3-Hydroxytetrahydrofuran
- Names: Preferred IUPAC name Oxolan-3-ol

Identifiers
- CAS Number: 453-20-3;
- 3D model (JSmol): Interactive image;
- ChemSpider: 9566;
- ECHA InfoCard: 100.006.564
- PubChem CID: 9960;
- UNII: 4MA8Z6Y28L;
- CompTox Dashboard (EPA): DTXSID20868947 ;

Properties
- Chemical formula: C_{4}H_{8}O_{2}
- Molar mass: 88.106 g·mol^{−1}
- Density: 1.087 g/cm^{3} @19 °C
- Boiling point: 179 °C (354 °F; 452 K) (88−89 °C @17 mm Hg)

= 3-Hydroxytetrahydrofuran =

3-Hydroxytetrahydrofuran (3-OH THF) is a colorless liquid with a normal boiling point of 179 °C and boiling at 88−89 °C at 17 mmHg, with density (1.087 g/cm^{3} at 19 °C). 3-OH THF is a useful pharmaceutical intermediate. The enantiopure (absolute configuration S) version of this compound is an intermediate to launched retroviral drugs.

== Synthesis ==
3-Hydroxytetrahydrofuran was prepared in 1909 by Pariselle via cyclization and hydrolysis of 3,4-Dibromo-1-methoxybutane. Chiral 3-hydroxytetrahydrofuran (both (S) – and (R)-forms) has been synthesized in high enantiomeric purity from (S)- and (R)-1,2,4-butanetriol, respectively, obtained from chiral feedstocks.

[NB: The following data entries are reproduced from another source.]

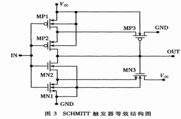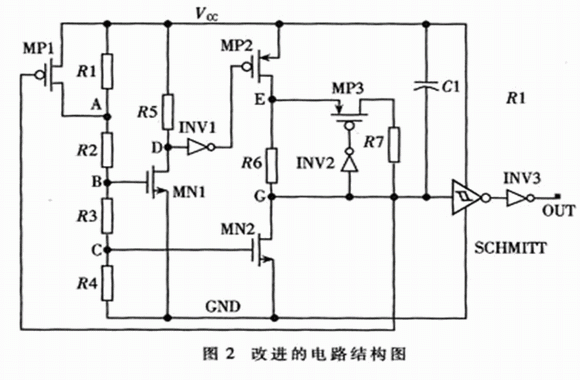 改進(jìn)的電路如圖2所示,電路結(jié)構(gòu)由采樣、先導(dǎo)控制、比較器、遲滯反饋回路、加速響應(yīng)電路、緩沖器六部分構(gòu)成。電阻R1、R2、R3、R4構(gòu)成分壓電阻網(wǎng)絡(luò)實(shí)現(xiàn)對Vcc的采樣;MNl、R5、INVl組成先導(dǎo)控制電路,實(shí)現(xiàn)對比較器灌電流的控制;MN2、R6、MP2組成比較器,實(shí)現(xiàn)采樣電壓與MN2的VTH比較;MP1構(gòu)成正反饋回路,可實(shí)現(xiàn)Vcc的遲滯功能;INV2、MP3、R7構(gòu)成正反饋回路,可加速比較器的翻轉(zhuǎn),從而提高電路的響應(yīng)速度;SCHMITT觸發(fā)器和INV3是緩沖電路,對比較器的輸出波形進(jìn)行緩沖和整形,SCHMITT觸發(fā)器的結(jié)構(gòu)如圖3所示,其工作原理詳見參考文獻(xiàn)[3];另外,電容C1起濾波和儲能作用。
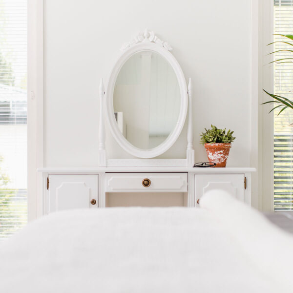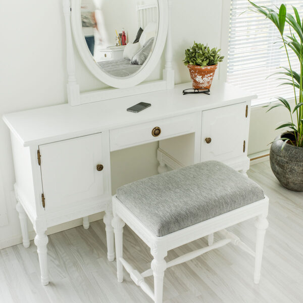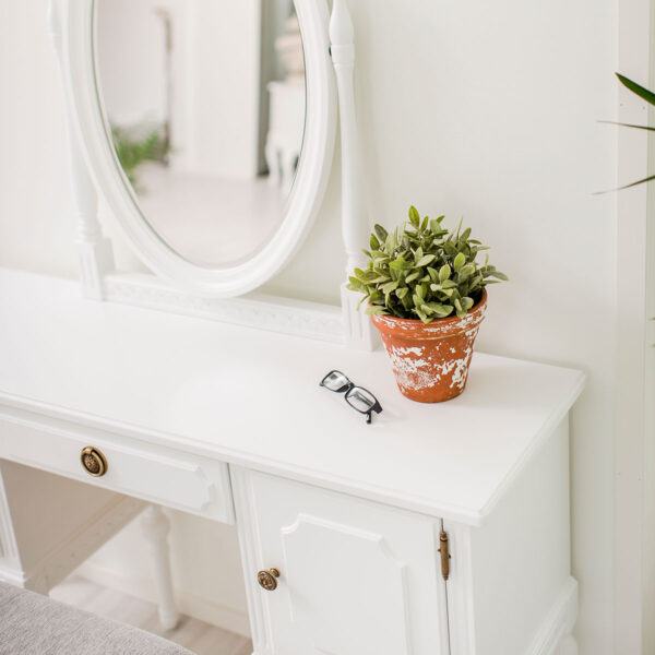 Harvassa ovat ne naiset, jotka eivät jossain vaiheessa elämäänsä olisi toivoneet peilipöytää, jonka voisi pyhittää kauneudenhoidolle. Kustavilainen kampauslipastomme soveltuu sekä meikki- että kampaustarvikkeiden säilyttämiseen että meikkaamiseen ja kampausten tekoon pöydän äärellä. Saranoilla kiinnitettyä ovaalin muotoista peiliä voi käännellä pystysuunnassa.
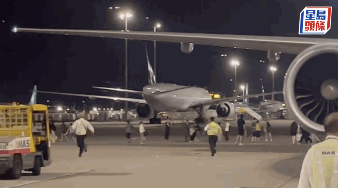 01:35 从社交平台图片所见,一辆打开了逃生梯的客机停在停机坪,大批乘客拿着行李在地面等候。
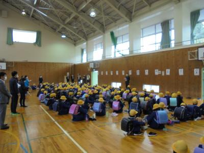 これから迎える冬に向け、悪天候や積雪等で通学路が歩行しにくくなることを想定し、集団下校訓練を行いました。またこの日学校安全委員会を開催し、委員のみなさんにも訓練の様子を見ていただきました。
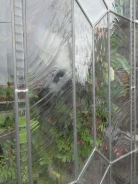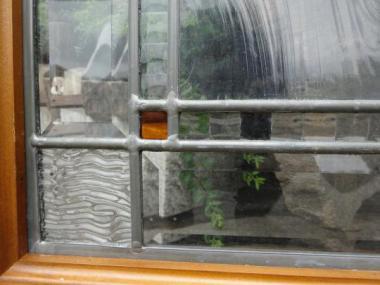 大変味わいのあるガラスが数種類使われており、見ごたえがあります。透明ガラスですので、外光を取り入れられ、比較的軽やかな印象になるかと思います。
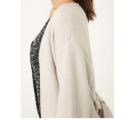 ふわふわなファーが付いたきれいめニットカーデ。コーデに取り入れやすい綺麗めな表面感と、裏面にはふわふわなシャギー素材で編んでいるので、肌触りの良い素材感もこだわりのポイントです。
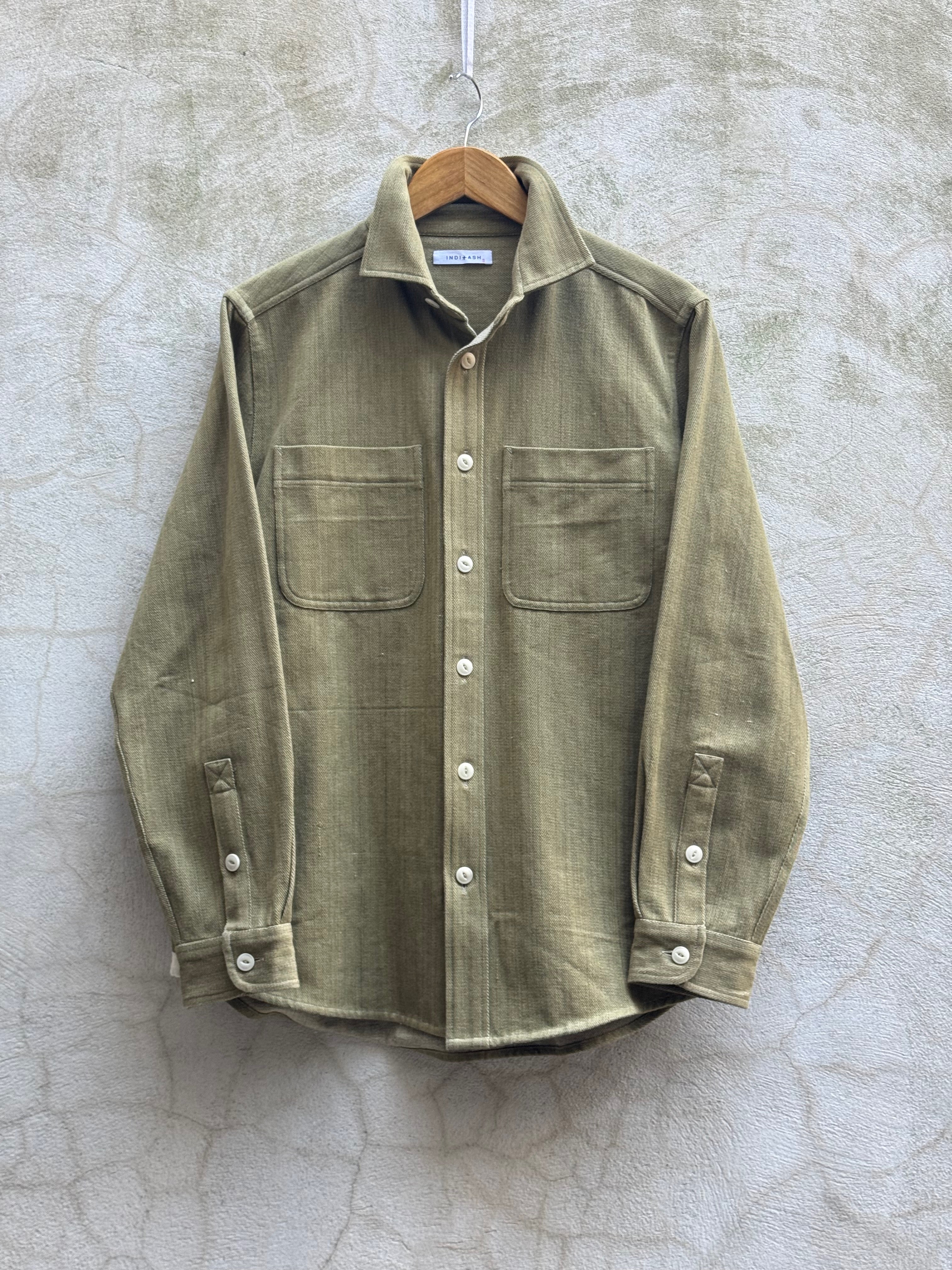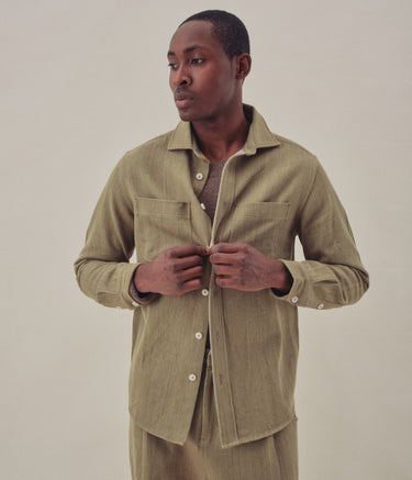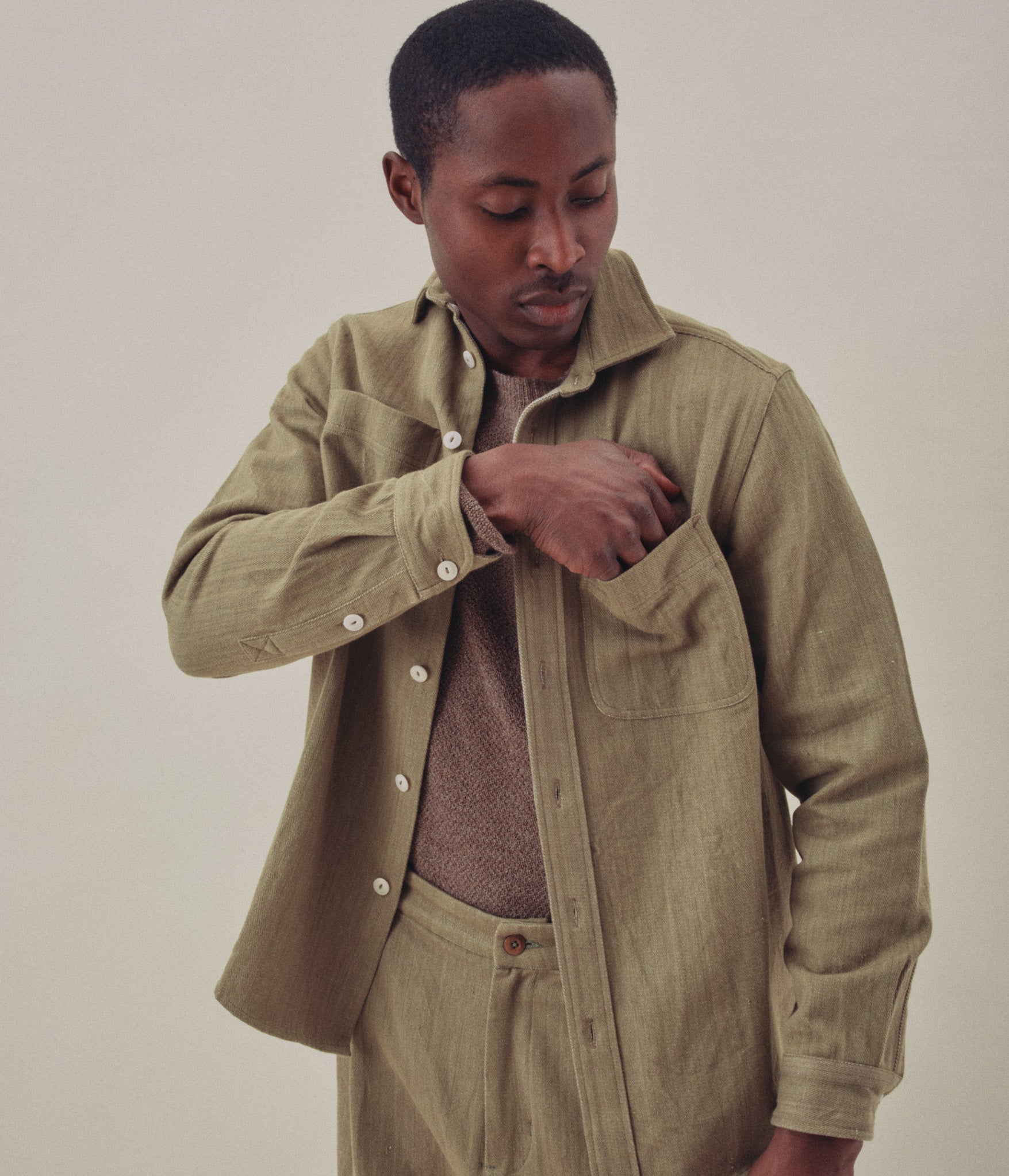 Classic workshirt details inspired by old Big Mac workshirts, in a slightly oversized fit so it can be layered and worn like a jacket. Mother of Pearl fisheye buttons provide a natural twist on a classic detail. Kala Cotton gussets at the side seam with hand embroidered logo.

Thus, the chiral (S)-1,2,4-butanetriol intermediate was cyclized to chiral (S)-3-hydroxytetrahydrofuran in the presence of p-toluenesulfonic acid (PTSA) catalyst at temperatures of 180−220 °C.
Similarly, (S)-3-hydroxytetrahydrofuran was prepared in 95.8% optical purity from L-malic acid via an esterification-reduction-cyclodehydration sequence. 3-hydroxytetrahydrofuran has been synthesized via hydroboration of 2,3- and 2,5-dihydrofuran employing various borane reagents and chiral 3-hydroxytetrahydrofurans have also been prepared by catalytic asymmetric hydroboration of 2,3- and 2,5-dihydrofurans with a borane in the presence of a homogeneous chiral platinum complex, followed by oxidation. Racemic 3-hydroxytetrahydrofuran may be prepared in analogous fashion from racemic butanetriol, employing PTSA catalyst for the dehydrocyclization. Alternatively, 1,2,4-butanetriol may be converted to 3-hydroxytetrahydrofuran by treating with ethylene carbonate, followed by pyrolysis of the resulting carbonate ester.

== Applications ==
3-Hydroxytetrahydrofuran is an intermediate to the AIDS drugs amprenavir and fosamprenavir. Additionally, 3-OH THF has been an intermediate to developmental drug substances, such as chemotherapy agents. For example, reaction of phosphorus pentasulfide with 3-hydroxytetrahydrofuran has been used in the synthesis of bis(O,O-di(tetrahydrofuran-3-yl)hydrogen dithiophosphate)platinum(II), a cisplatin analog. 3-hydroxytetrahydrofuran may be converted into a range of tetrahydrofuran derivatives, many of which also serve as intermediates to compounds of pharmaceutical interest. For example, tetrahydrofuran-3-one (3-ketotetrahydrofuran) and 3-aminotetrahydrofuran have been synthesized from 3-hydroxytetrahydrofuran and used in pharmaceutical syntheses. Additionally, additive amounts (0.05-0.15 weight %) of the nitrate ester manufactured by sulfuric acid-nitric acid nitration of 3-hydoxytetrahydrofuran have been found to increase the quality (cetane number) of diesel fuel.